Sentencing Guidelines in Federal Court in Criminal Cases

Perhaps the biggest difference between defending a criminal case in federal court versus trial courts in Georgia is the sentencing guidelines. The federal sentencing guidelines manual is complex, it includes over 500 pages of rules and formulas.

Often, to determine whether to go to trial, a person accused of a federal crime must be informed of the likely outcome of a plea and of trial. This is how one makes an informed decision. I have practiced as a federal prosecutor and private attorney since 2000. I have seen changes that have significantly affected the sentencing guidelines. The most significant change came in 2005 when the Unites States Supreme Court found that the guidelines would no longer be deemed mandatory (the “Booker” case). Prior to Booker, judges were largely compelled to follow the guidelines. Federal judges lacked discretion to determine what is a fair sentence. Lawyers were left to argue for a sentence within a narrow “guideline range.”

Today, federal judges have discretion and the lawyers advocating for clients are critical. A lawyer who has mastered the guidelines must first strive to place a client at the lowest possible guideline level. Then, the skilled attorney can argue for a “reasonable sentence” below the sentencing guideline range.

If you’d like to read the federal sentencing guidelines for yourself, they may be found at https://www.ussc.gov/guidelines.

The sentencing guidelines are one of the two most critical factors in determining what a sentence will likely be. The other is mandatory minimum sentences. I will discuss that in my next blog.

Trials in Federal Court

by John Lovell

For my first blog with Peach State Lawyers, I’ll address trials in federal court. Because every client is cloaked in a presumption of innocence, I start with the view that the government has made an error in charging my client. My concern is based on my experience – the last three cases I tried in federal court resulted in acquittals for all or the most serious charges. The three trials resulted in acquittals for 1) murder and a gun possession charge, 2) two counts of attempted murder and a parallel gun possession charge for each count, and 3) four counts alleging the production of child pornography.
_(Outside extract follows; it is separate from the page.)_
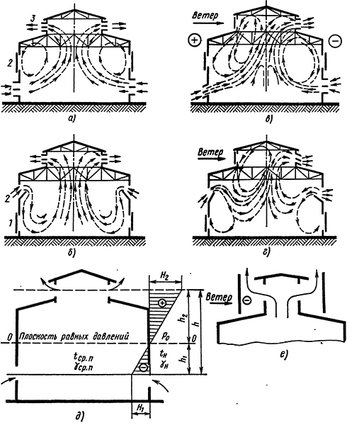 Рис.1. Аэрация зданий: a, б — открытие створок проемов при безветрии в теплое и холодное время года: в, г — то же при боковом ветре; д — распределение давления воздуха в здании цеха; е — незадуваемые фонари

All three clients knew they were innocent of these charges and told me they wished to go to trial. After evaluating the government’s cases, I agreed with them and prepared for trial. The murder acquittal is an example of how we defend serious charges. In this case, we had more than a mere attack on the credibility of the government’s witnesses, we put up a case for innocence that was stronger than the federal government’s case. Together with my investigator, we discovered the person who committed the murder. We found witnesses who saw the murder and they were more credible than the “snitches” who testified with hopes of getting themselves out of trouble.

Not every case is appropriate for trial. However, a skilled attorney advises a client whether the case is triable.
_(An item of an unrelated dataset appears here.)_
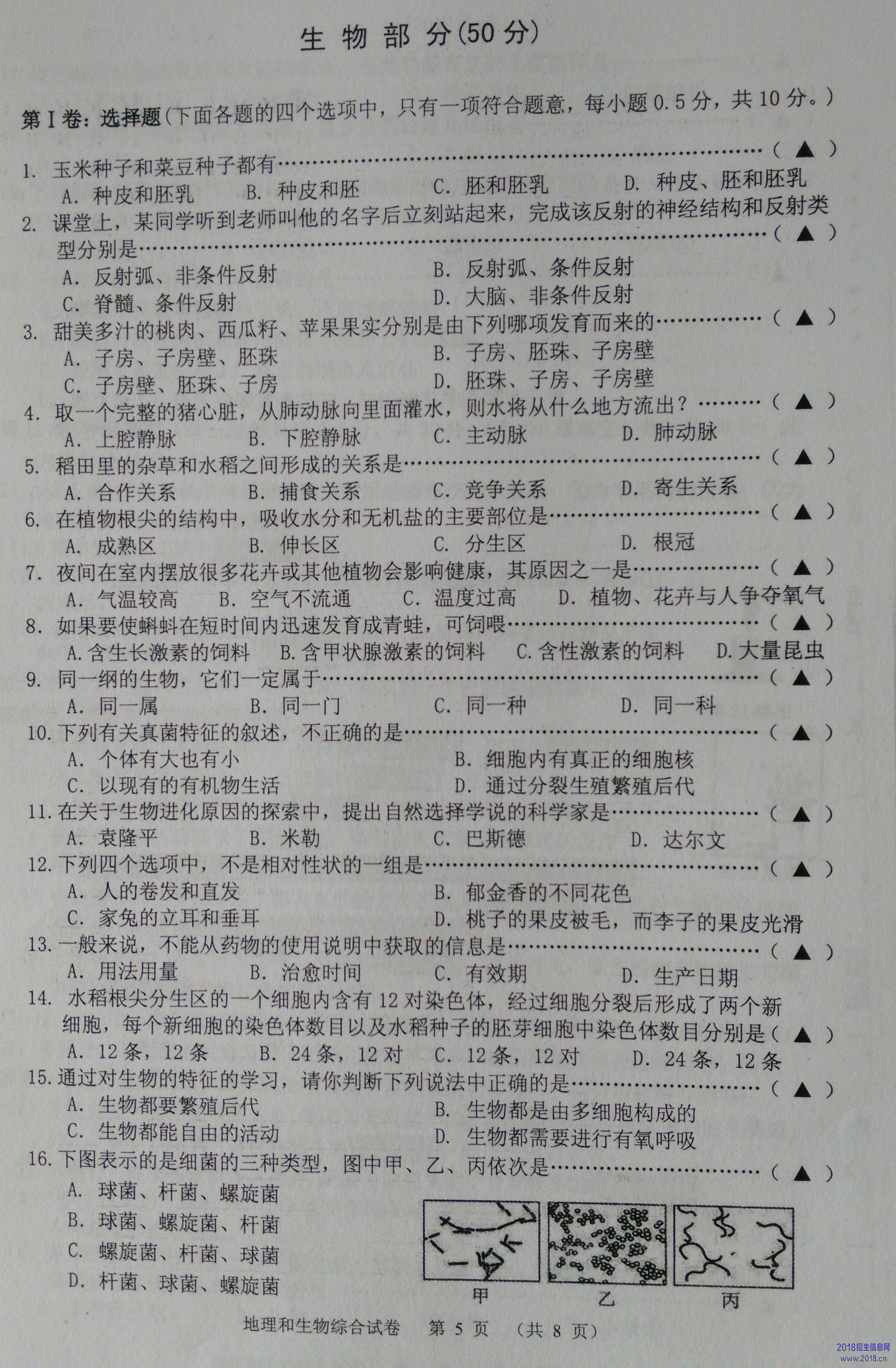 2015年辽宁省锦州市中考生物试题(扫描版,无答案)

When searching for an attorney in federal court, ask direct questions such as:
• How many cases have you handled in the courthouse where my case will be heard?
• How many trials have you represented a client as first chair (not as an assistant)?
• What were the outcomes of the cases you tried?
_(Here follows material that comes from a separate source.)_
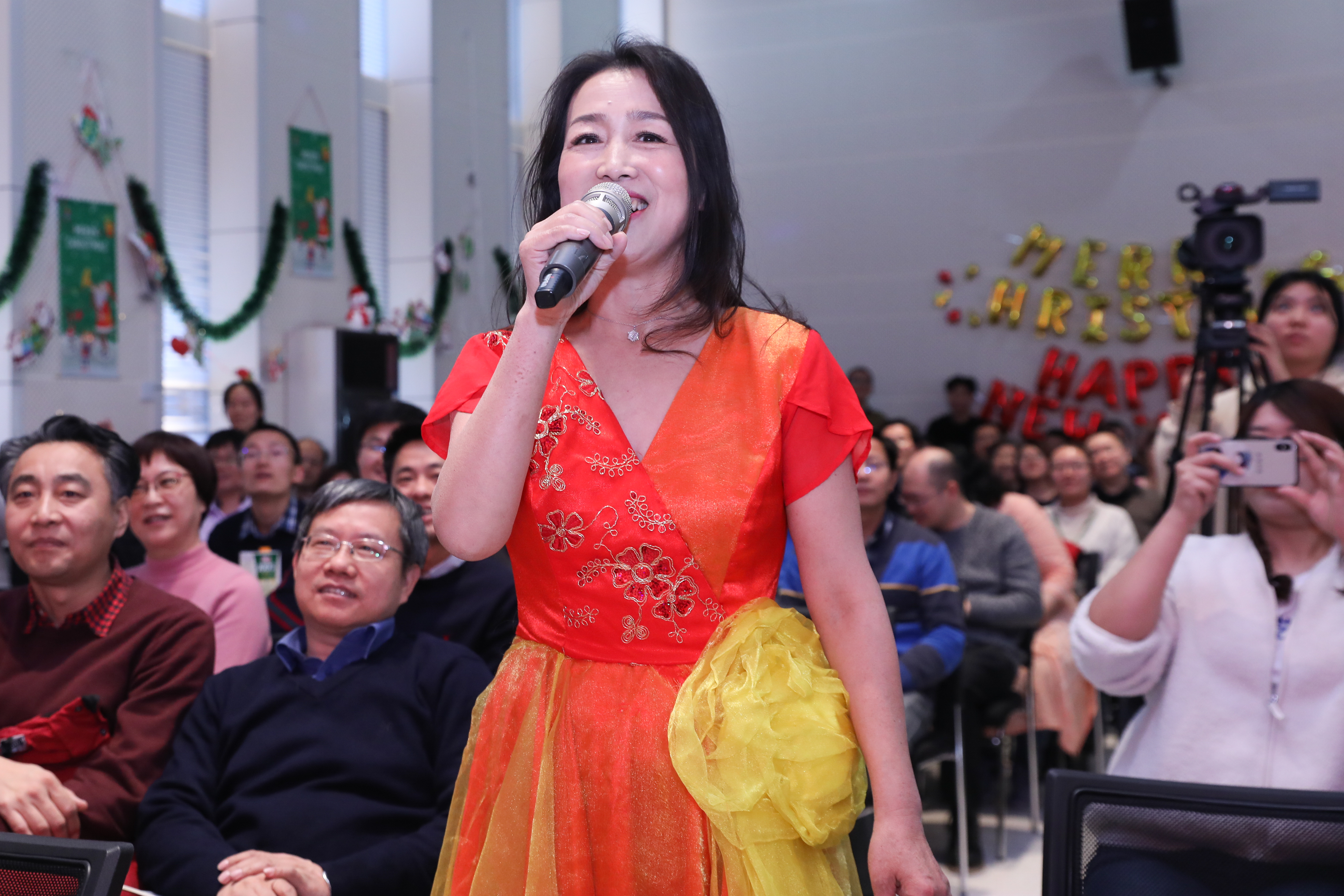 联欢活动由院学工办缑清睿、曾炯两位老师主持。此次联欢活动汇聚了众多精彩纷呈的文艺节目,展现了学院教职员工朝气蓬勃、自信昂扬的精神面貌,博得了在座老师们的阵阵掌声。学院办公会老师们带来合唱《战友之歌》,量子材料科学中心带来二重唱《贝加尔湖畔》和合唱《绒花》,电子光学与电子显微镜实验室带来合唱《真心英雄》,凝聚态所带来歌伴舞《我和我的祖国》,天文系和科维理所带来二胡独奏《赛马》、印地语清唱歌曲《恒河祈祷歌》和女子三人爵士舞“Sweet but psycho”,大气与海洋科学系带来二重唱‘それが大事’和京剧《三家店》选段,现代光学所带来男声独唱《鸿雁》,重离子所和技物系带来合唱《相亲相爱一家人》,普物实验教学中心带来男声独唱《小雨中的回忆》,高能物理研究中心带来武术表演《八卦昆仑扇》,行政老师们带来了充满活力的开场舞蹈《炫舞青春》和劲歌热舞《北方的狼》和《野狼disco》,学院参加国庆方阵的全体老师带来合唱《同心共筑中国梦》,充分体现了各系所老师们的热情参与和多才多艺。联欢部分还设置了游戏和抽奖环节,活动内容丰富,全场一片欢声笑语。活动的最后是“为生肖老师送祝福”的特别环节,现场所有属鼠的老师共同切分蛋糕,迎接新一年的到来。

If an attorney tells you of terrific outcomes, ask to see proof. It is your duty as a person defending his freedom to find out which attorneys are marketing geniuses and which are skilled trial attorneys (some are both). The attorney focused on marketing may not have the skills to represent you in court. Even if the case is not a case that should be tried, you do not want an attorney negotiating for you who has a reputation of avoiding trials. You want an attorney who brings credibility to the table! After all, this may be the most important decision you make.